Suppose my dataset is a 100 x 3
matrix filled with categorical variables. I would like to do binary classification on the response variable. Let's make up a dataset with following code:
set.seed(2013)
y <- as.factor(round(runif(n=100,min=0,max=1),0))
var1 <- rep(c("red","blue","yellow","green"),each=25)
var2 <- rep(c("shortest","short","tall","tallest"),25)
df <- data.frame(y,var1,var2)
The data looks like this:
> head(df)
y var1 var2
1 0 red shortest
2 1 red short
3 1 red tall
4 1 red tallest
5 0 red shortest
6 1 red short
I tried to do random forest and adaboost on this data with two different approaches. The first approach is to use the data as it is:
> library(randomForest)
> randomForest(y~var1+var2,data=df,ntrees=500)
Call:
randomForest(formula = y ~ var1 + var2, data = df, ntrees = 500)
Type of random forest: classification
Number of trees: 500
No. of variables tried at each split: 1
OOB estimate of error rate: 44%
Confusion matrix:
0 1 class.error
0 29 22 0.4313725
1 22 27 0.4489796
----------------------------------------------------
> library(ada)
> ada(y~var1+var2,data=df)
Call:
ada(y ~ var1 + var2, data = df)
Loss: exponential Method: discrete Iteration: 50
Final Confusion Matrix for Data:
Final Prediction
True value 0 1
0 34 17
1 16 33
Train Error: 0.33
Out-Of-Bag Error: 0.33 iteration= 11
Additional Estimates of number of iterations:
train.err1 train.kap1
10 16
The second approach is to transform the dataset into wide format and treat each category as a variable.
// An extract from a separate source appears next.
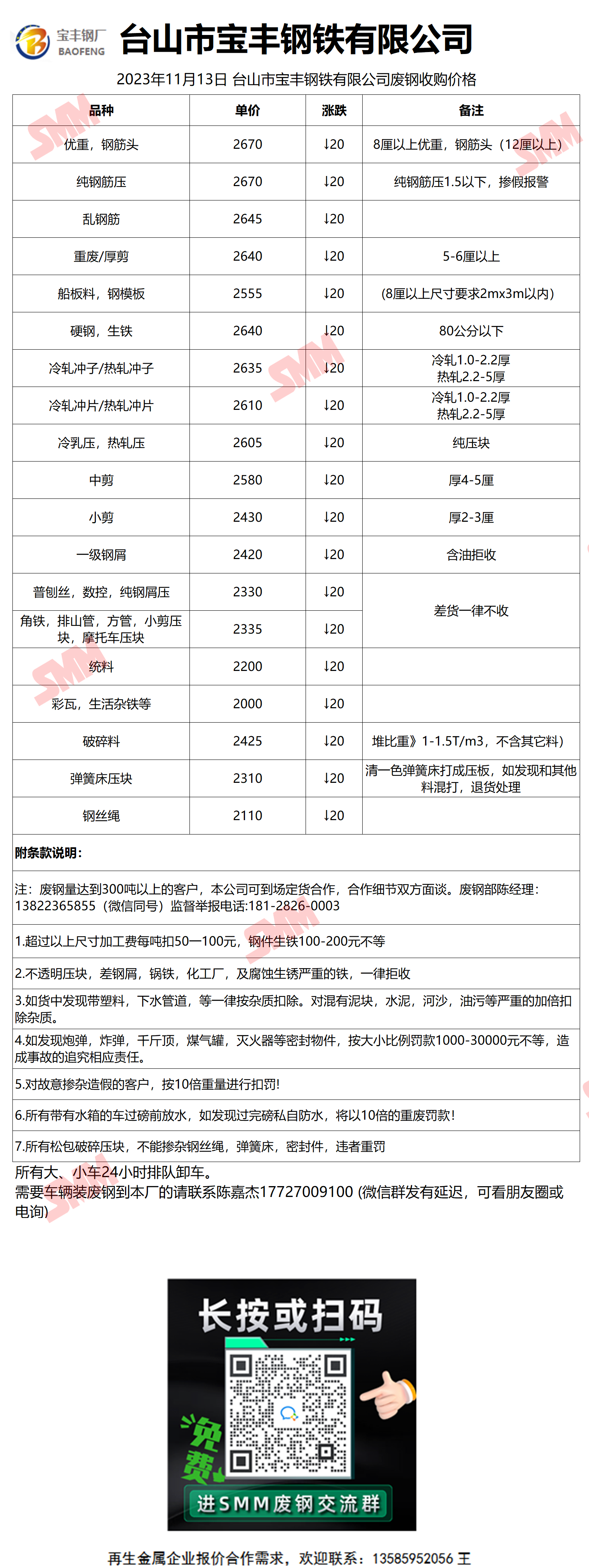 11月13日(10时45分)宝丰钢铁 废钢收购报价

The reason I am doing this is because my actual dataset has 500+ factors in var1 and var2, and as a result, tree partitioning will always divide the 500 categories into 2 splits. A lot of information is lost by doing that. To transform the data:
id <- 1:100
library(reshape2)
tmp1 <- dcast(melt(cbind(id,df),id.vars=c("id","y")),id+y~var1,fun.aggregate=length)
tmp2 <- dcast(melt(cbind(id,df),id.vars=c("id","y")),id+y~var2,fun.aggregate=length)
df2 <- merge(tmp1,tmp2,by=c("id","y"))
The new data looks like this:
> head(df2)
id y blue green red yellow short shortest tall tallest
1 1 0 0 0 2 0 0 2 0 0
2 10 1 0 0 2 0 2 0 0 0
3 100 0 0 2 0 0 0 0 0 2
4 11 0 0 0 2 0 0 0 2 0
5 12 0 0 0 2 0 0 0 0 2
6 13 1 0 0 2 0 0 2 0 0
I apply random forest and adaboost to this new dataset:
> library(randomForest)
> randomForest(y~blue+green+red+yellow+short+shortest+tall+tallest,data=df2,ntrees=500)
Call:
randomForest(formula = y ~ blue + green + red + yellow + short + shortest + tall + tallest, data = df2, ntrees = 500)
Type of random forest: classification
Number of trees: 500
No. of variables tried at each split: 2
OOB estimate of error rate: 39%
Confusion matrix:
0 1 class.error
0 32 19 0.3725490
1 20 29 0.4081633
----------------------------------------------------
> library(ada)
> ada(y~blue+green+red+yellow+short+shortest+tall+tallest,data=df2)
Call:
ada(y ~ blue + green + red + yellow + short + shortest + tall +
tallest, data = df2)
Loss: exponential Method: discrete Iteration: 50
Final Confusion Matrix for Data:
Final Prediction
True value 0 1
0 36 15
1 20 29
Train Error: 0.35
Out-Of-Bag Error: 0.33 iteration= 26
Additional Estimates of number of iterations:
train.err1 train.kap1
5 10
The results from two approaches are different. The difference is more obvious as we introduce more levels in each variable, i.e., var1
and var2
. My question is, since we are using exactly the same data, why is the result different? How should we interpret the results from both approaches? Which is more reliable?